Four thousand people die every year from Legionnaires’ disease. To put this into perspective, it is equivalent to about 29 average sized commercial airplanes crashing every year or a commercial airplane crashing every two weeks with no survivors. (The average commercial airliner has about 137 seats) If the airline industry had the same death rate as the Legionnaires’ disease death rate, there is a pretty good chance the Federal Aviation Industry would ground all commercial airplanes immediately and launch an investigation into the cause of the crashes along with congressional hearings and massive media attention. The result would likely be new safety rules put into place to prevent the planes from crashing in the future.

I am sure if you bought a ticket for a trip somewhere on a commercial airliner you would want the pilot to be properly trained and certified to fly the plane you were on. Yet, with Legionella bacteria, we do not require any special training or certification to design, inspect, install, operate or maintain a building water system. We know about the disease and the control measures that should be applied in design and installation, and now we need to mandate these control measures in building water systems.
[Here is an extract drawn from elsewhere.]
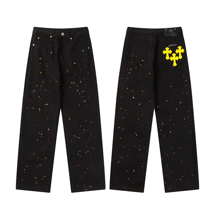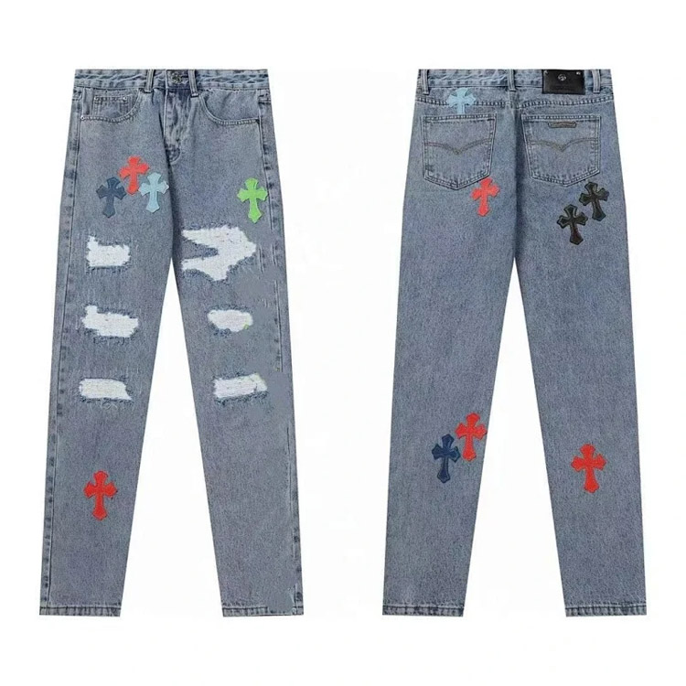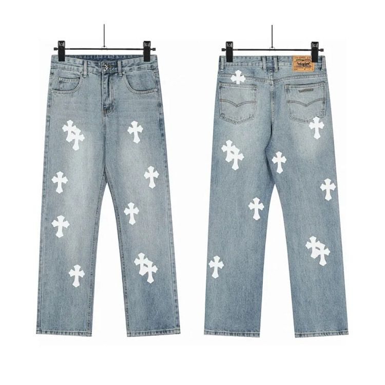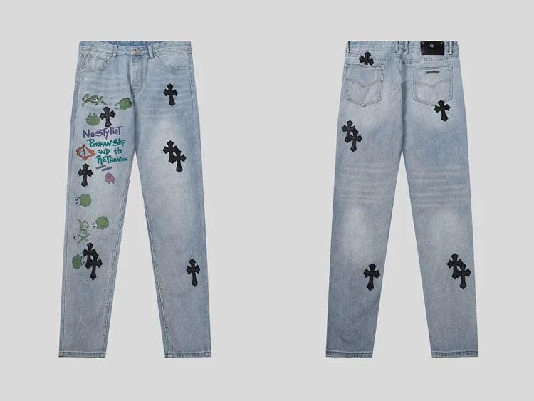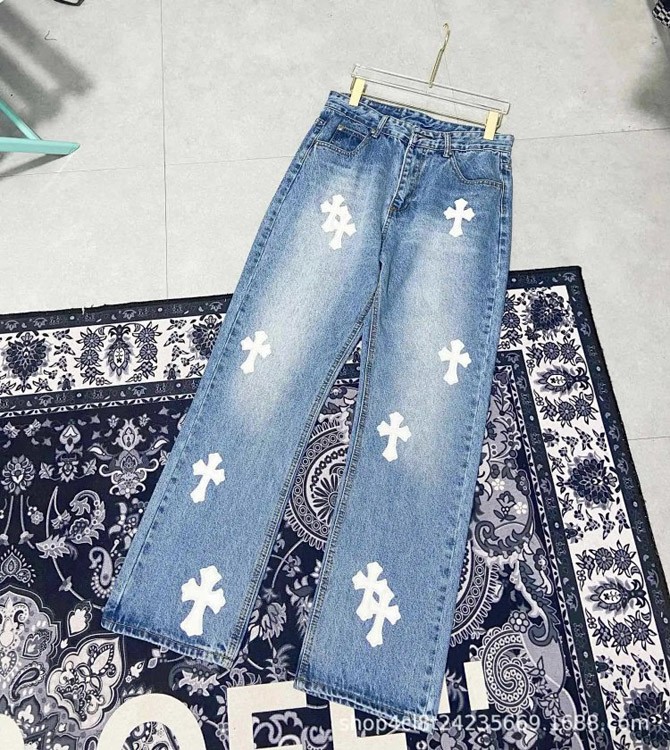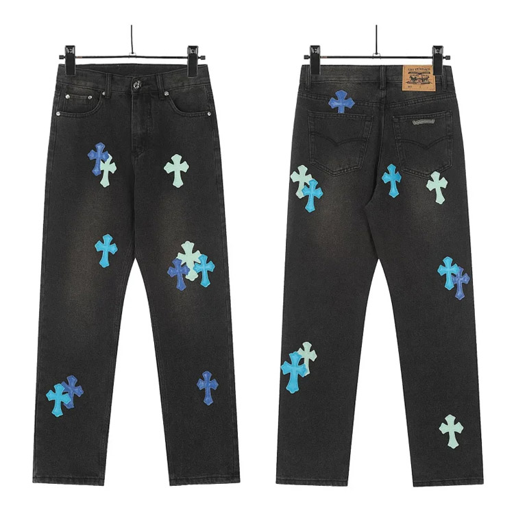 Home > Chrome Hearts CH Appliqué Embroidered Washed Loose-fitting Jeans-4939

Healthcare facilities and Legionnaires’ disease

The significant amount of Legionnaires’ disease cases occurs in the healthcare setting, because hospitals and nursing homes are full of people with suppressed or weakened immune systems and hospitals are often large complex buildings with lots of fixtures that don’t get used as much as they should. So, why are we not taking the Legionella bacteria issue and the thousands of deaths associated with Legionnaires’ disease seriously? It has been easy for a hospital that does not look for Legionella bacteria to not find it. They can explain Legionnaires’ disease related deaths as a simple case of pneumonia on medical reports and ignore the real issue. With more awareness there are more cases being reported that were previously written off as pneumonia related deaths. There are many interest groups that are involved in this issue and some of them want to correct it while some want to downplay it because it is an inconvenient disease that leads to expensive remediation efforts and sometimes expensive litigation costs. Legionnaires’ disease is very preventable if we commit to prevention.

ASSE motto: “Prevention Rather Than Cure”

The American Society of Sanitary Engineering (ASSE) has a motto: “Prevention Rather Than Cure.” The motto was developed many years ago as ASSE members, which included inspectors, engineers, contractors and others in the plumbing industry, who were striving to provide safe plumbing for buildings rather than deal with the diseases and illnesses caused by poor, or lack of, plumbing and sanitary facilities. Providing safe plumbing systems is still important for disease prevention. New challenges to providing safe plumbing systems are presenting themselves each day.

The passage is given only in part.